ACTION ITEM: Setting aside any pictures, reproduce the data exactly.

SUPPLIED MATERIAL:
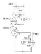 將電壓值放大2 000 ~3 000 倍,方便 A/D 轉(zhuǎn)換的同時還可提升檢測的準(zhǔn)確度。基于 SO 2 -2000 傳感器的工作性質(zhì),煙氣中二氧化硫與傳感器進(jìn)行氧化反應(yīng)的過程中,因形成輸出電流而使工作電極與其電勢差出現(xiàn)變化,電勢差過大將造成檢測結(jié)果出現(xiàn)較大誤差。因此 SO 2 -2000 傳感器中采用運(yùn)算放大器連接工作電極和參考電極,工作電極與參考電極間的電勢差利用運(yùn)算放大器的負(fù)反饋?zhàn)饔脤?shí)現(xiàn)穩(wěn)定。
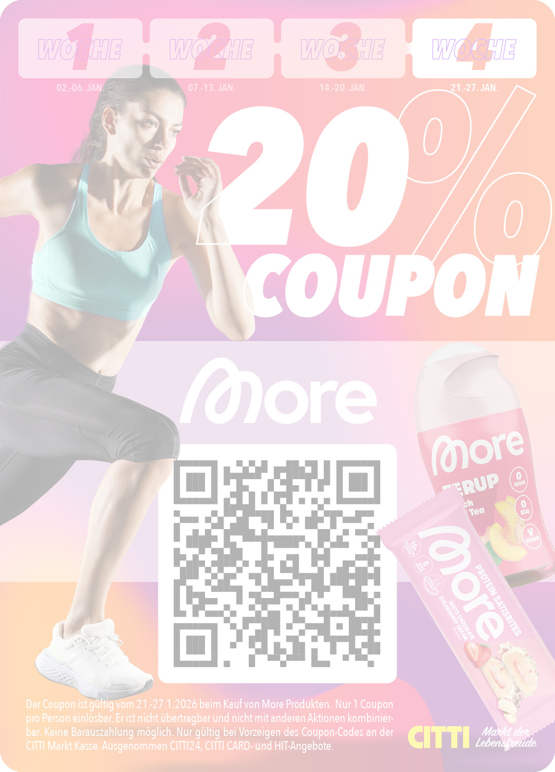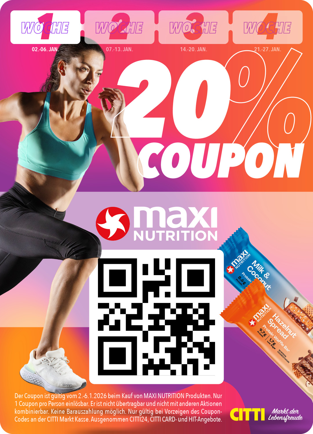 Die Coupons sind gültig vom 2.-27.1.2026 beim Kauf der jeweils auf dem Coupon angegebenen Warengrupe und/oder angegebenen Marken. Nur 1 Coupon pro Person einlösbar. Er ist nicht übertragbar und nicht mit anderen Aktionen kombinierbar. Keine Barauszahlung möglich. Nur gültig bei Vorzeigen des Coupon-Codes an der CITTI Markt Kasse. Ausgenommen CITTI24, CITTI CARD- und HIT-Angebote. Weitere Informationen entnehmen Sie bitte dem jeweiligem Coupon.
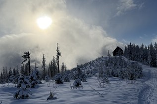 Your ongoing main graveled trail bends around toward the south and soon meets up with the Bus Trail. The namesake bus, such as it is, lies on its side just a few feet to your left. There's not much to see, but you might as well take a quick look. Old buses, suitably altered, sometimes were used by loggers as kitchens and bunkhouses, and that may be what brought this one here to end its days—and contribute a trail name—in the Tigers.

COMPLETED EXERCISE:
 將電壓值放大2 000 ~3 000 倍,方便 A/D 轉(zhuǎn)換的同時還可提升檢測的準(zhǔn)確度。基于 SO 2 -2000 傳感器的工作性質(zhì),煙氣中二氧化硫與傳感器進(jìn)行氧化反應(yīng)的過程中,因形成輸出電流而使工作電極與其電勢差出現(xiàn)變化,電勢差過大將造成檢測結(jié)果出現(xiàn)較大誤差。因此 SO 2 -2000 傳感器中采用運(yùn)算放大器連接工作電極和參考電極,工作電極與參考電極間的電勢差利用運(yùn)算放大器的負(fù)反饋?zhàn)饔脤?shí)現(xiàn)穩(wěn)定。
 Die Coupons sind gültig vom 2.-27.1.2026 beim Kauf der jeweils auf dem Coupon angegebenen Warengrupe und/oder angegebenen Marken. Nur 1 Coupon pro Person einlösbar. Er ist nicht übertragbar und nicht mit anderen Aktionen kombinierbar. Keine Barauszahlung möglich. Nur gültig bei Vorzeigen des Coupon-Codes an der CITTI Markt Kasse. Ausgenommen CITTI24, CITTI CARD- und HIT-Angebote. Weitere Informationen entnehmen Sie bitte dem jeweiligem Coupon.
 Your ongoing main graveled trail bends around toward the south and soon meets up with the Bus Trail. The namesake bus, such as it is, lies on its side just a few feet to your left. There's not much to see, but you might as well take a quick look. Old buses, suitably altered, sometimes were used by loggers as kitchens and bunkhouses, and that may be what brought this one here to end its days—and contribute a trail name—in the Tigers.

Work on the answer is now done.